Being aware of your user flow can enable you to work through each stage methodically – or dedicate different members of your digital team to each, if you have the resources to do that. You should start by putting user numbers to each stage if you have suitable analytics set up. You can then begin to see where you are being successful – what is growing and what is in decline. If only 2% of your visitors ever register you may want to focus your attention on the ‘member’ stage – or you may feel you have enough new members coming in but that they they are not discussing / contributing in the way you would like. The exact form of what you do at each stage and where to put most energy should be personalised to your particular community.
This is when a user first becomes aware of your brand or community. You can achieve this with marketing and PR, however only a good service can drive positive word of mouth.
Whether a user goes onto visit your website depends on whether what you are offering is suitable. Untargeted ads mean you will get fewer relevant clicks – and you will even turn off suitable prospective members if your proposition seems unclear or unsuitable.
Unsurprisingly this is about high quality, frequently updated content and good user experience.
To gain members you need to be clear about reasons to register, including providing incentives on your site if you can. You should also optimise the registration process, and your whole website, to encourage people to register. A simple way of seeing how effective your website registration process is, is setting up a ‘goal’ in Google Analytics.
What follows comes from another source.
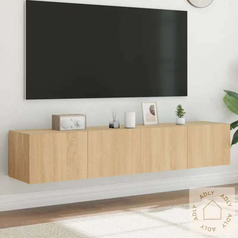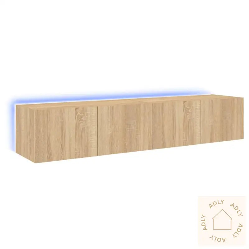 Det konstruerte treverket i sonoma eik gir ikke bare et elegant utseende, men står også for solid kvalitet. Overflaten er glatt, enkel å rengjøre og materialet er både sterkt, stabilt og motstandsdyktig mot fuktighet – perfekt for langvarig bruk i travle hjem.Med RGB LED-lys får du full frihet til å velge hvilken stemning du vil ha i stua eller soverommet. Du kan lett stille inn LED-lyset med ulike farger og overganger via menyen, og lyset fremhever den moderne looken på denne praktiske TV-benken. RGB LED-lys gir møbelet et trendy og unikt uttrykk, samtidig som det skaper en hyggelig atmosfære.TV-enheten har rikelig med lagringsplass: Med to separate rom bak dørene organiserer du enkelt alt fra bøker og magasiner til elektronikkutstyr og fjernkontroller. Alt for at småting skal være samlet og innen rekkevidde, og at hjemmet ser veldig ryddig ut.Fleksibel bruk gjør at skapet passer inn flere steder hjemme – bruk det som vegghengt nattbord, TV-benk eller kombiner flere sammen for å lage en komplett, stilren vegg. Dette gir deg stor frihet til å tilpasse løsningen etter dine behov og ønsker for møbler til hjemmet.Veggmonteringsdesignet betyr at du slipper ben som stjeler plass eller samler støv langs gulvet, og lar deg utnytte plassen maksimalt. Du får et åpent og minimalistisk preg som passer perfekt inn i moderne innredninger. Samtidig gir LED-skapet ekstra lagringsplass akkurat der du trenger det.Godt å vite:

The goal should be reaching the registration confirmation page and you should put in conditions that the user should have been through the registration form to get to the confirmation page (to ensure Analytics doesn’t confuse any stray visits with successful sign-ups). Another fantastic benefit of setting up a member registration goal using Google Analytics is you can also view referrers in relation to successful goals. This means you can see which of your marketing activity returns the best member conversion. (I may write more on this in a future post).
This is about design and nuture: facilitating, encouraging, providing reasons for your members to make the leap and interact. If possible, provide more than one way to do this – with polls, recommending links, submitting video – not just discussions or q&a. For example, the everywoman Network has run highly successful awards that have encouraged members to become active for the first time.